——亏得玉润做出一副楚楚可怜的模样,偏她倒霉,碰上了江如蔺这么一个钢铁直男。
江如蔺重重的把茶杯放在桌上,没好气的说:“有一就有二,我看她不像是会轻易死心的,你把她赶出去算了!”
她思忖了片刻,摇摇头说道:“不行啊!说起来她也没什么出格的举动,做的事都可进可退。要说她是故意勾引你的,她毕竟没跟你过分亲昵;可要说她清清白白,她做的事又不一个规规矩矩的丫鬟该做的。要是因为这个处置她,反倒显得咱们小题大做了。”
他讥讽的勾唇,深不见底的眸子里闪过几分讥诮:“我这个祖母真够煞费苦心的,连美人计都用上了。”
朝以禾握了握他的手,笑道:“红松院那位是狗急跳墙了,今天凤夫人当着那么多女眷的面,说信得过我的人品,她原先想方设法的抹黑咱们,算是白费心机了,她可不得用点别的手段?”
她深敛着眸光,心里暗暗有了计较。
翌日清晨,她就让人把玉润叫了进来。
玉润快步进了堂屋,毕恭毕敬的行了个礼,娇软的声调让人听了骨头都酥了:“奴婢给三少奶奶请安。”

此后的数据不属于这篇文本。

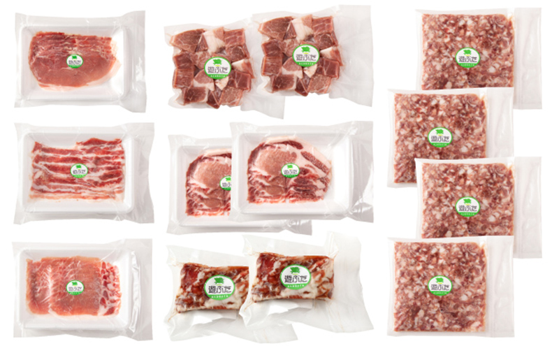 北海道十勝の放牧豚”遊ぶた”バラエティー2.68kgセット お肉 豚肉 ロース バラ肉 ブロック モモ肉 粗びき 詰め合わせ
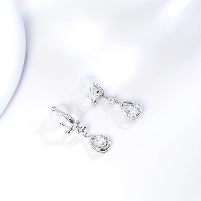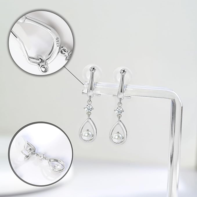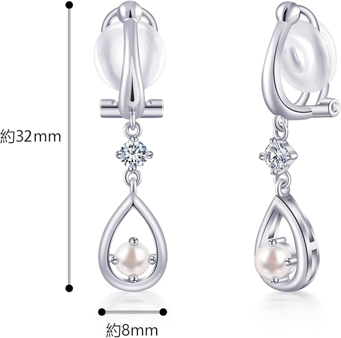商品仕様:2個入り。イヤリングサイズ:(縦)約32mm/(横)約8mm。重さ:1ペア4グラム。素材:金属アレルギー対応の材質、貝パール。付属品:精美な包装ケース、高級ベロア調ポーチ、専用磨きクロス
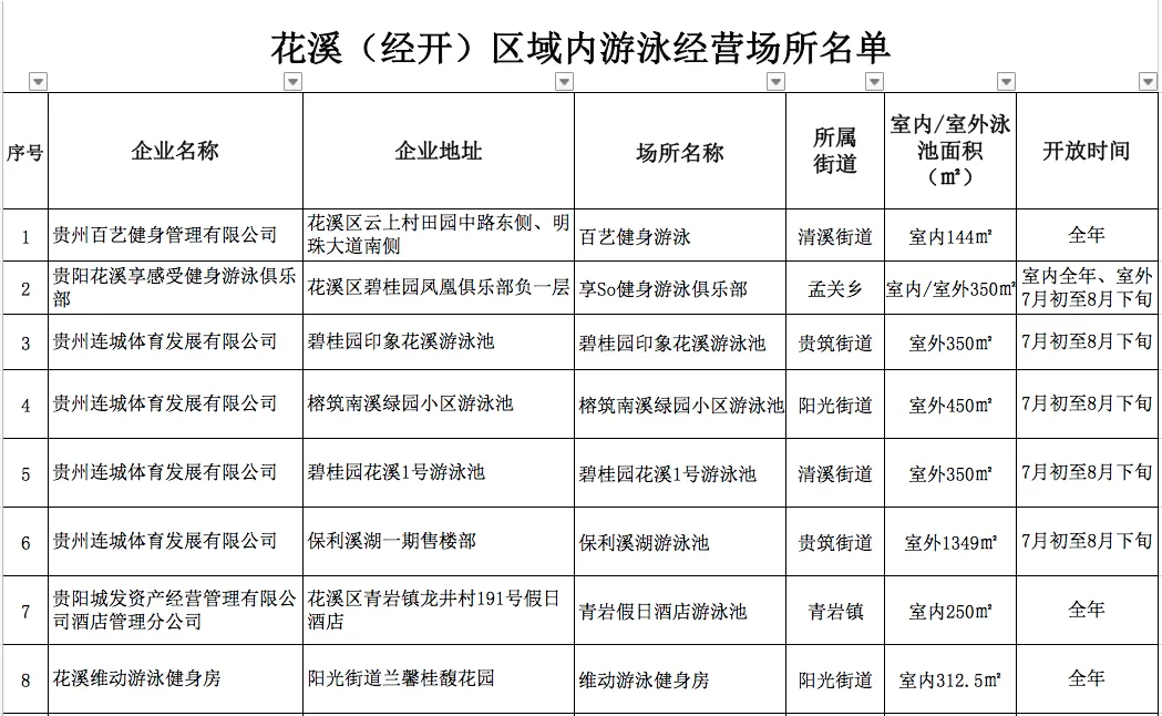 盛夏时节,暑气渐浓,为满足市民朋友们亲水消暑、健身休闲的需求,区文体广电旅游局梳理了花溪(经开)区域内各游泳池开放的详细信息,方便市民朋友选择。
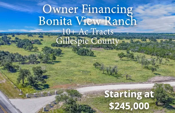 Bonita View Ranch is a new, small gated ranch community located just minutes north Kerrville. The 214 acre community offers 10+ acre tracts starting at $245,000. Owner financing is available. The rolling terrain varies from heavy cover to lush grassy areas dotted with large hardwoods. The land is horse and livestock friendly and holds native game. Each tract has nice building sites, ready for you to build your dream home. The gated entrance gives an additional layer of privacy to an already private setting. Bonita offers a peaceful and quite setting along with the conveniences of being close to all that Kerrville has to offer, and is only a hour from NW San Antonio. It's a wonderful place to get away from the noise of the city and enjoy a quieter lifestyle.
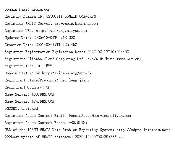 洽公网 科技 互联网 2025-12-09 11:25:28 荷球heqiu.com8888元的价格成交 heqiu.com于2001年2月17日注册,以8888元的价格成交。12月4日注册信息发生变更。域名前缀有荷球等含义。该域名曾被一家名为“何求”的设计平台启用,提供网站建设、艺术设计、软件及编程的教学、素材等。
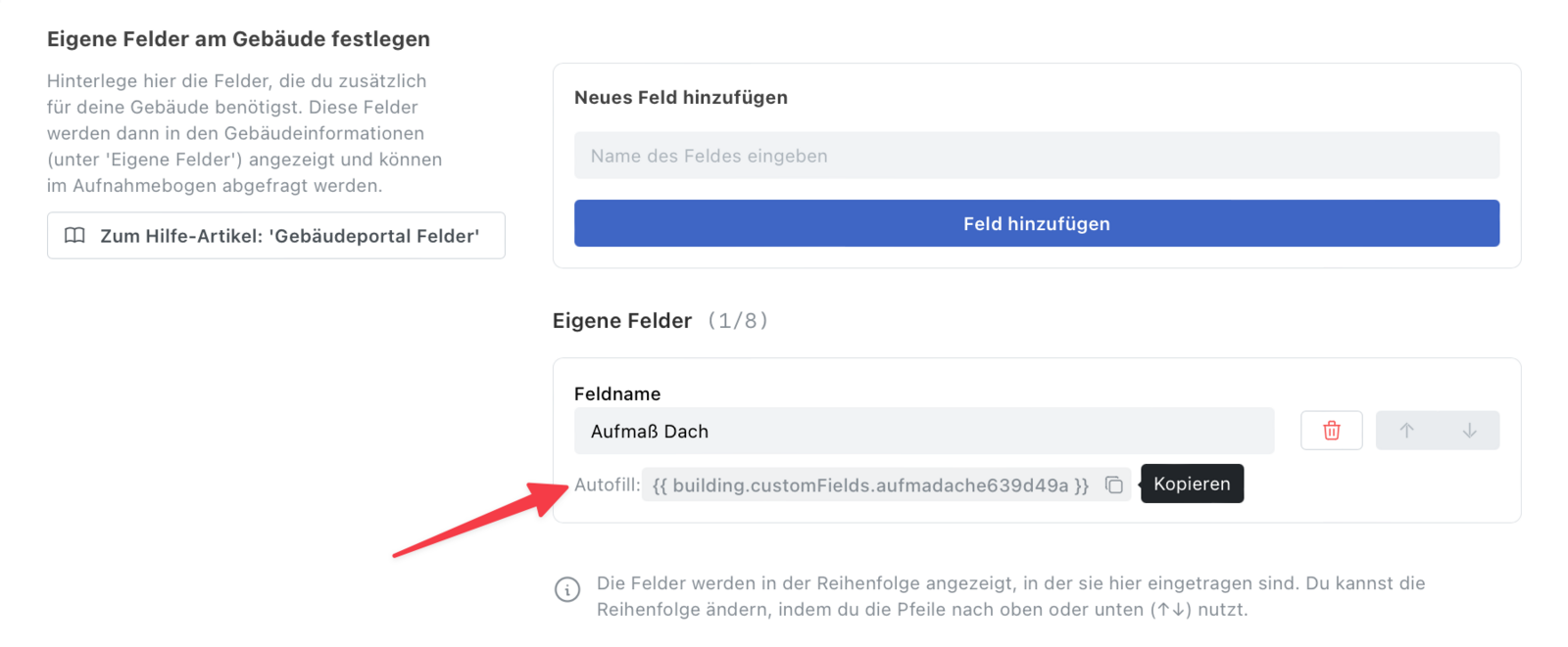 Um die Platzhalter für die eigenen Felder in Autofill-Vorlagen zu nutzen, folge diesen Schritten:
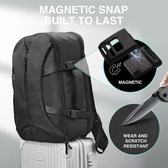 A side handle and luggage strap offer multiple carrying optionswear as a backpack, hand carry, or attach to a suitcase. ^^ [Durable & Water-Resistant] Made with heavy-duty 1000D Oxford fabric (1680D reinforced front) and 290D polyester lining for superior wear & water resistance. The anti-scratch interior protects valuables, while self-locking zippers & magnetic buckles add security and convenience. ^^ [Perfect Travel Companion] Fits airline carry-on size (20"x13"x9") for overhead bins. Ideal for flights, business trips, or daily commutes. The lightweight yet sturdy design ensures durability without extra weight. Stay organized & travel stress-free!
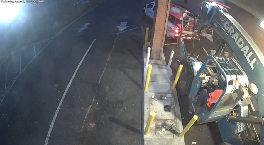 Bir kişi forklift kullanırken, diğeri beyaz bir kamyonet kullanıyordu. Forklifti kullanan şüpheli, ATM'yi platformun üzerinden devirdikten sonra makineyi kamyonetin kasasına yükledi.

朝以禾漫不经心的拨弄着香炉里的香灰,任由她就那么跪着。
她惶惶不安的低着头,心脏扑通扑通直跳。
足足过了一盏茶的工夫,朝以禾才轻飘飘的把视线落在她身上,打量着她笑道:“果然长的不错,难怪老夫人把‘伺候’我和郎君的事交给你了。”
她的额头上冒出了一层细密的汗水,声音都打着颤:“奴婢……”
“先起来吧。你模样生的这么好,一定不甘心只做一个丫鬟,你想不想再往上走一步?”
玉润惊讶的偷瞄了一眼她的脸色,又赶紧低下了头:“奴婢不明白三少奶奶的意思。”
“我没空跟你兜圈子,我就直说了。昨天给郎君送伞的时候你做了什么,你心里有数,我心里也有数。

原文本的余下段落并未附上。